PROVIDED RECORDS:
[Start of Attachment]

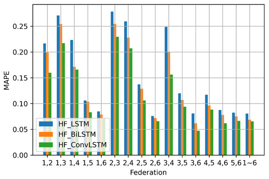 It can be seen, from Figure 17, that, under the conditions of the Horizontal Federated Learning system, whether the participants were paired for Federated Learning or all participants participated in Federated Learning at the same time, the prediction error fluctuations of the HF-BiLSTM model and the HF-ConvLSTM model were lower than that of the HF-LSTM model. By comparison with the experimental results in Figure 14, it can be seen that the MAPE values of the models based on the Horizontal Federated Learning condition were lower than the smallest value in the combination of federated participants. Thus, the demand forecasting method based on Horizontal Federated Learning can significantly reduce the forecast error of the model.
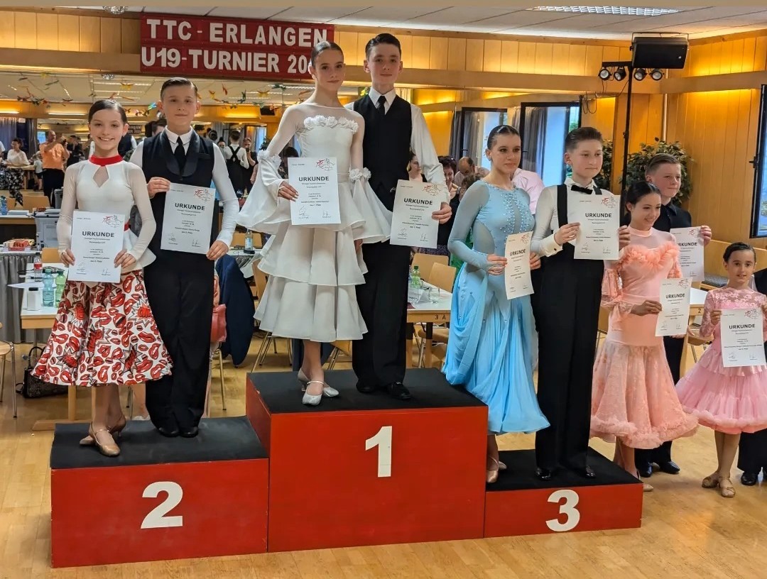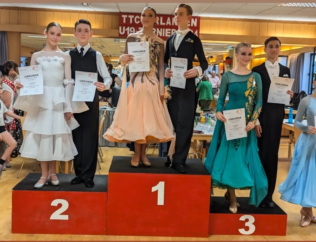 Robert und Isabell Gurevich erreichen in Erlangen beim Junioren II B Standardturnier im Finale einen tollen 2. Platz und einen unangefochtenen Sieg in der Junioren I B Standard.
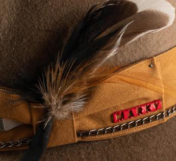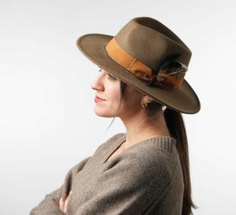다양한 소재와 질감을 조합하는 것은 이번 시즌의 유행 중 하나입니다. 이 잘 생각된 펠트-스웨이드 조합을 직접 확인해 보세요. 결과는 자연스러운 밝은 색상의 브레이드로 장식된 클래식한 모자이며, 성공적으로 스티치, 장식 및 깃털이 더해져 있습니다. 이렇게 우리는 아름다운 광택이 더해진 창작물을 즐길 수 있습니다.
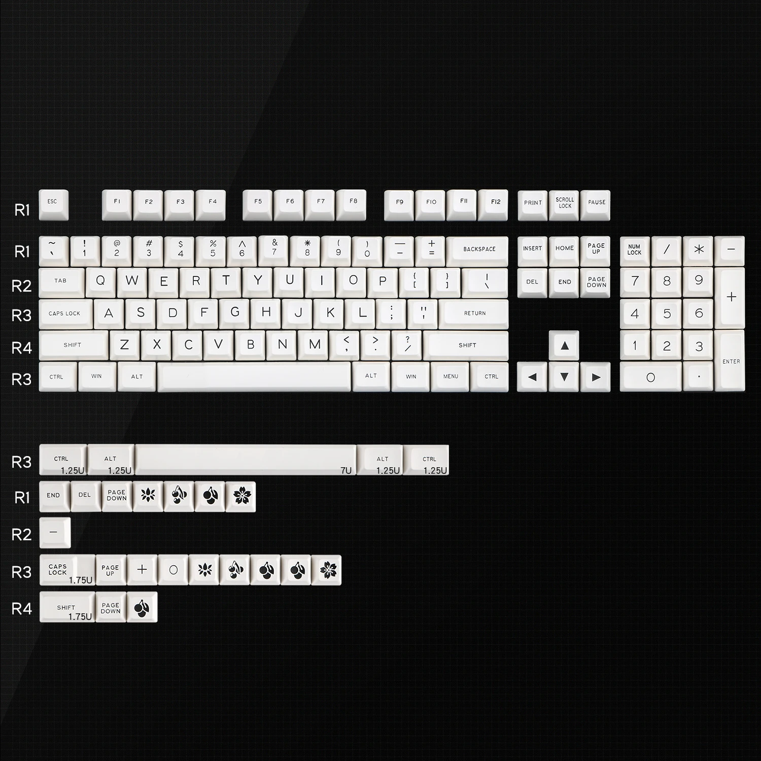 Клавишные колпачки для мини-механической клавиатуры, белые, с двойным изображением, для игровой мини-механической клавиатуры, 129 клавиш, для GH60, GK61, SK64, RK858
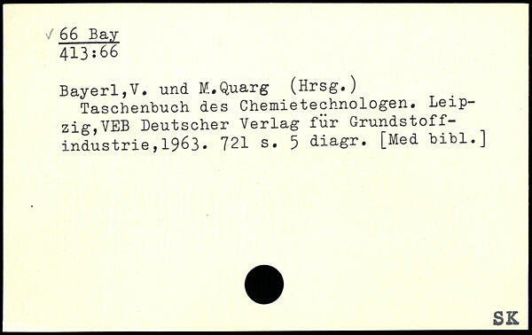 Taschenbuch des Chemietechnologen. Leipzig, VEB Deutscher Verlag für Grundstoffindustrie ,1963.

[End of Attachment]

PROBLEM TO SOLVE:
Write out again, exactly, each line from the one containing "Клавишные колпачки для" through the last line of the entries, and omit every picture.

WORKED SOLUTION:
 Клавишные колпачки для мини-механической клавиатуры, белые, с двойным изображением, для игровой мини-механической клавиатуры, 129 клавиш, для GH60, GK61, SK64, RK858
 Taschenbuch des Chemietechnologen. Leipzig, VEB Deutscher Verlag für Grundstoffindustrie ,1963.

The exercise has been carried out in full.